╭─ DATASET CONTENT

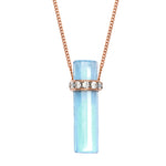 A one of a kind Gem pendant featuring a stunning barrel shaped Blue Topaz set in an 18ct gold plated case with a white Diamond Pave and an 18ct gold plated chain. The ultimate cocktail necklace!
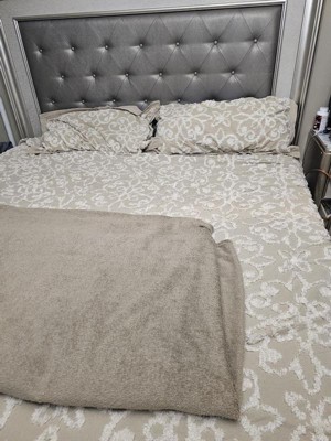 [This review was collected as part of a promotion.] Super cute farmhouse style bedding! I like that it's thin and oversized to actually come down on the sides of the bed. The fit is perfect for my king sized bed and it feels well made. Warning it does shed a bit but after a few washes it will be ok. It does look like the picture I just didn't "fluff" it or anything but I LOVE the design.
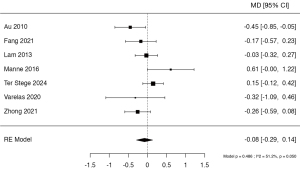 Across studies evaluating PDAs in PRS, aggregate analysis via random effects approach demonstrated a significant reduction in decisional conflict as well as decisional regret favoring intervention groups: decisional conflict [MD, –5.37 (of 100 points); 95% confidence interval (CI): –7.94 to –2.80; 16 studies; P<0.001] and decisional regret [MD, –4.93 (of 100 points); 95% CI: –8.73 to –1.12; 9 studies; P=0.01] (Figures 2,3). The negative MD indicated that participants who used PDAs reported lower decisional conflict and decisional regret scores (approximate decrease of 5 points on both instruments scales) compared with those receiving standard counseling or educational materials. Studies reported decisional anxiety via HADS or STAI outcome measures and were analyzed separately as [HADS, MD, −0.77 (of 21 points); 95% CI: –1.77 to 0.23; 3 studies, P=0.13)] and [STAI, MD =0.61 (of 80 points); 95% CI: –3.98 to 5.20; 4 studies, P=0.99] (Figure 4). When pooled together and remodeled to calculate a standardized mean difference (SMD), the model still did not reach significance (SMD =−0.08; 95% CI: –0.29 to 0.14; 7 studies, P=0.49) (Figure 5). Satisfaction of knowledge via BREAST-Q was also analyzed, showing directionality towards improved satisfaction in favor of PDA use, though it did not show significant differences [MD, −1.73 (of 100 points); 95% CI: –7.51 to 4.06; 4 studies; P=0.56] (Figure 6).
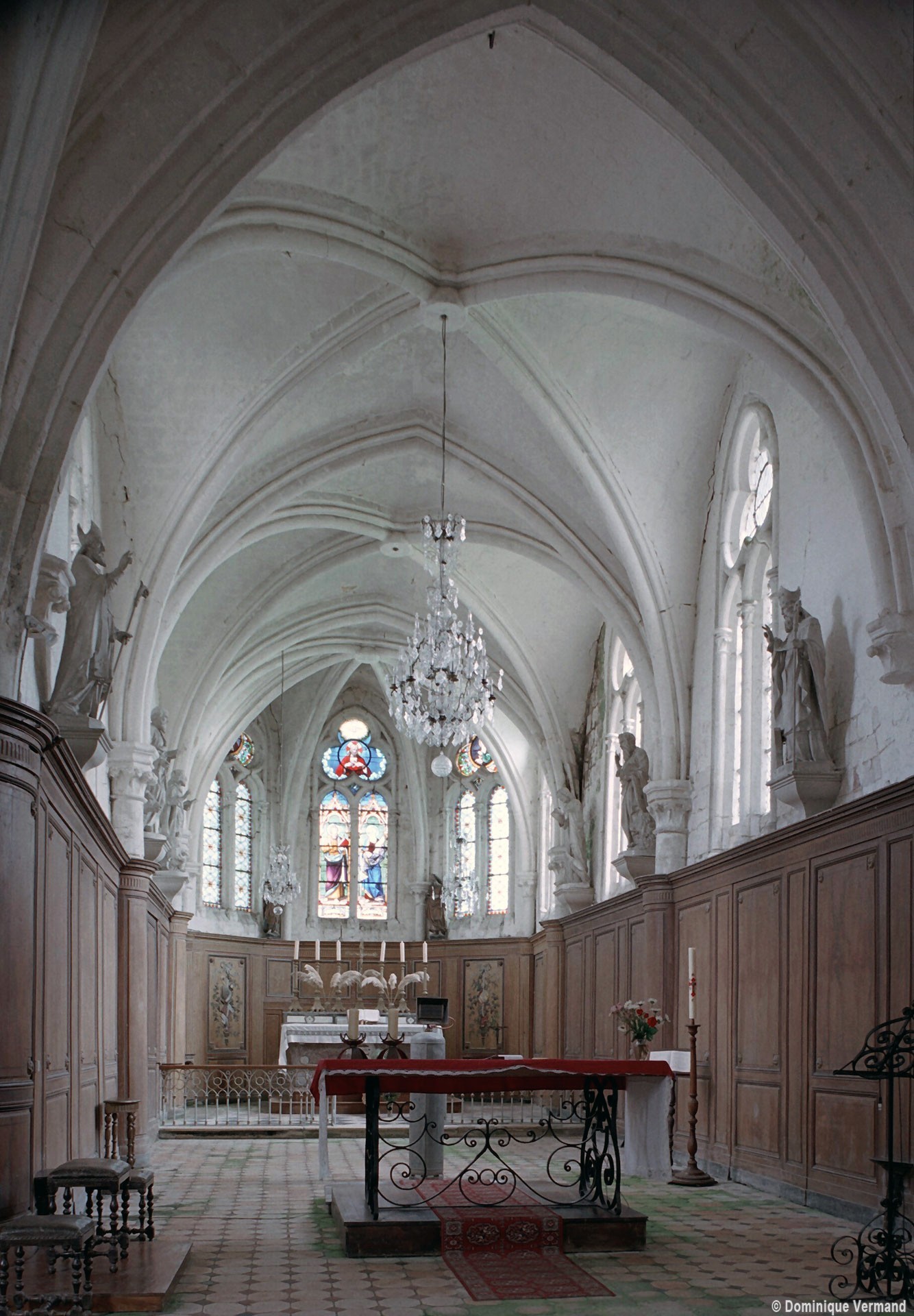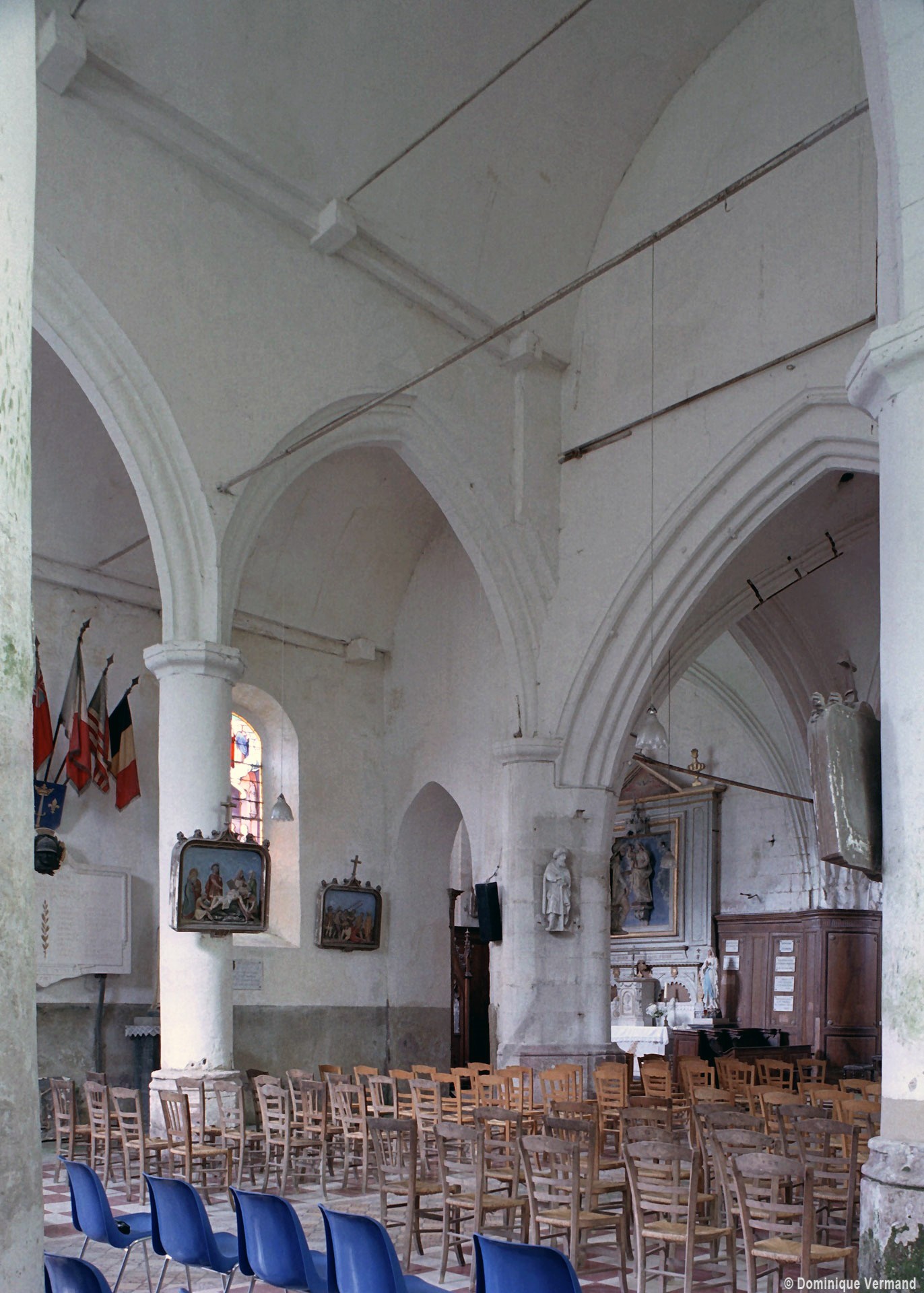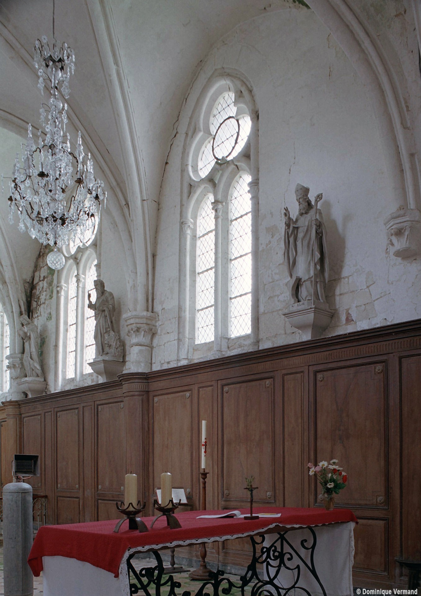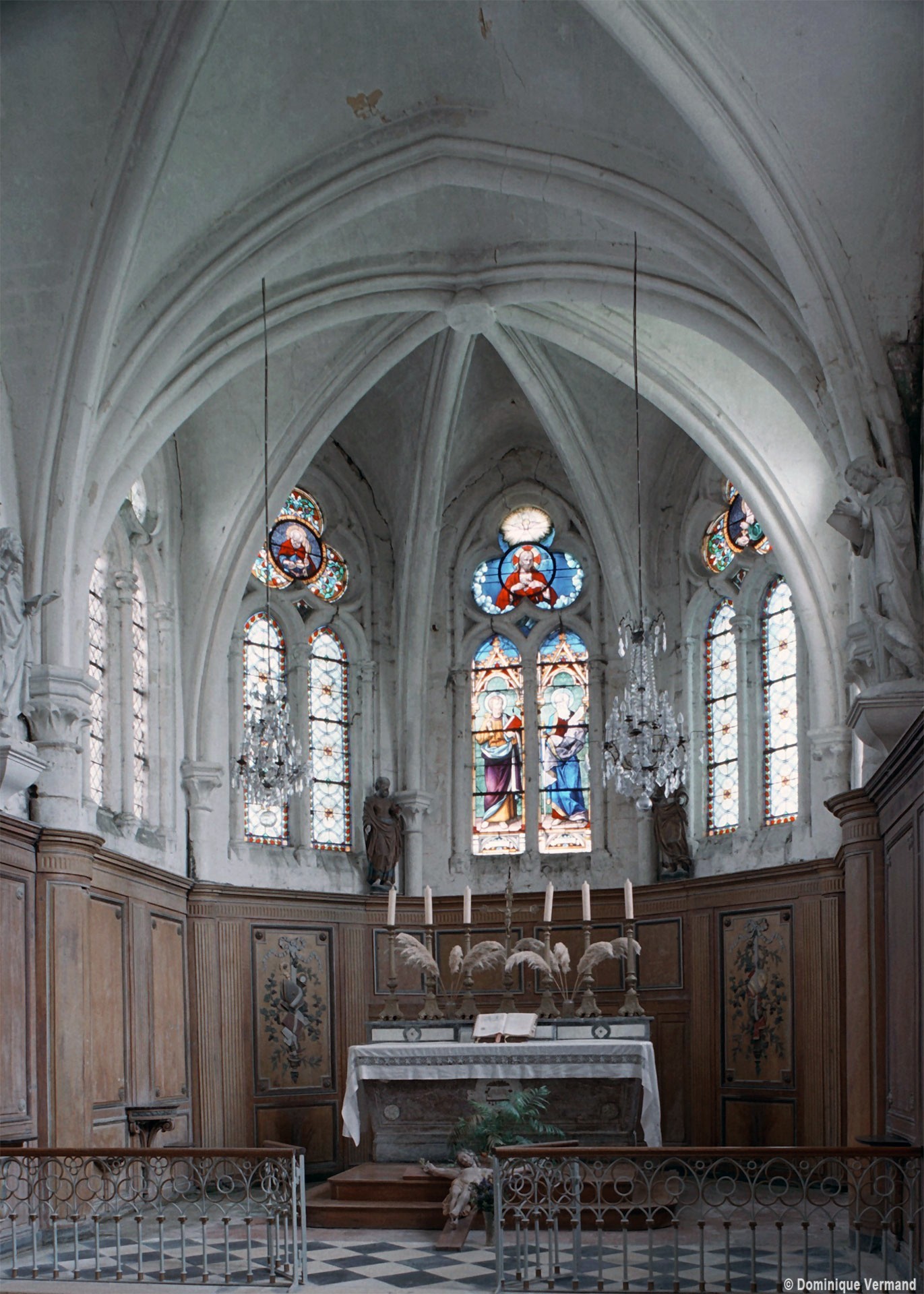 A l’intérieur, le même souci de simplification a prévalu. Les voûtes d’ogives – deux pour la partie droite et une, à six compartiments, pour l’abside – sont dépourvues d’arcs formerets (arc qui reçoit la voûte du côté du mur). Les retombées des ogives et des doubleaux se concentrent sur un unique chapiteau reposant sur une colonnette presque détachée du mur. La sculpture des chapiteaux, très soignée, représente uniformément des crochets qui se terminent en boules de feuillages, un thème presque systématique à l’époque. Parfait exemple du style gothique rayonnant, le choeur de Saint-Pierre de Sarcus fait écho, toutes proportions gardées, à l’abside de Saint-Martin-aux-Bois, avec laquelle les rapports ne relèvent certainement pas du hasard : fenêtres à trilobe non inscrit, profil semblable des ogives, concentration des retombées de la voûte sur un seul chapiteau, agencement similaire des contreforts, même simplification des volumes extérieurs.

╰─

* [WORK ITEM] Write out everything in the data word for word. Omit each picture.

* [ANSWER TO THE PROBLEM]
 A one of a kind Gem pendant featuring a stunning barrel shaped Blue Topaz set in an 18ct gold plated case with a white Diamond Pave and an 18ct gold plated chain. The ultimate cocktail necklace!
 [This review was collected as part of a promotion.] Super cute farmhouse style bedding! I like that it's thin and oversized to actually come down on the sides of the bed. The fit is perfect for my king sized bed and it feels well made. Warning it does shed a bit but after a few washes it will be ok. It does look like the picture I just didn't "fluff" it or anything but I LOVE the design.
 Across studies evaluating PDAs in PRS, aggregate analysis via random effects approach demonstrated a significant reduction in decisional conflict as well as decisional regret favoring intervention groups: decisional conflict [MD, –5.37 (of 100 points); 95% confidence interval (CI): –7.94 to –2.80; 16 studies; P<0.001] and decisional regret [MD, –4.93 (of 100 points); 95% CI: –8.73 to –1.12; 9 studies; P=0.01] (Figures 2,3). The negative MD indicated that participants who used PDAs reported lower decisional conflict and decisional regret scores (approximate decrease of 5 points on both instruments scales) compared with those receiving standard counseling or educational materials. Studies reported decisional anxiety via HADS or STAI outcome measures and were analyzed separately as [HADS, MD, −0.77 (of 21 points); 95% CI: –1.77 to 0.23; 3 studies, P=0.13)] and [STAI, MD =0.61 (of 80 points); 95% CI: –3.98 to 5.20; 4 studies, P=0.99] (Figure 4). When pooled together and remodeled to calculate a standardized mean difference (SMD), the model still did not reach significance (SMD =−0.08; 95% CI: –0.29 to 0.14; 7 studies, P=0.49) (Figure 5). Satisfaction of knowledge via BREAST-Q was also analyzed, showing directionality towards improved satisfaction in favor of PDA use, though it did not show significant differences [MD, −1.73 (of 100 points); 95% CI: –7.51 to 4.06; 4 studies; P=0.56] (Figure 6).
 A l’intérieur, le même souci de simplification a prévalu. Les voûtes d’ogives – deux pour la partie droite et une, à six compartiments, pour l’abside – sont dépourvues d’arcs formerets (arc qui reçoit la voûte du côté du mur). Les retombées des ogives et des doubleaux se concentrent sur un unique chapiteau reposant sur une colonnette presque détachée du mur. La sculpture des chapiteaux, très soignée, représente uniformément des crochets qui se terminent en boules de feuillages, un thème presque systématique à l’époque. Parfait exemple du style gothique rayonnant, le choeur de Saint-Pierre de Sarcus fait écho, toutes proportions gardées, à l’abside de Saint-Martin-aux-Bois, avec laquelle les rapports ne relèvent certainement pas du hasard : fenêtres à trilobe non inscrit, profil semblable des ogives, concentration des retombées de la voûte sur un seul chapiteau, agencement similaire des contreforts, même simplification des volumes extérieurs.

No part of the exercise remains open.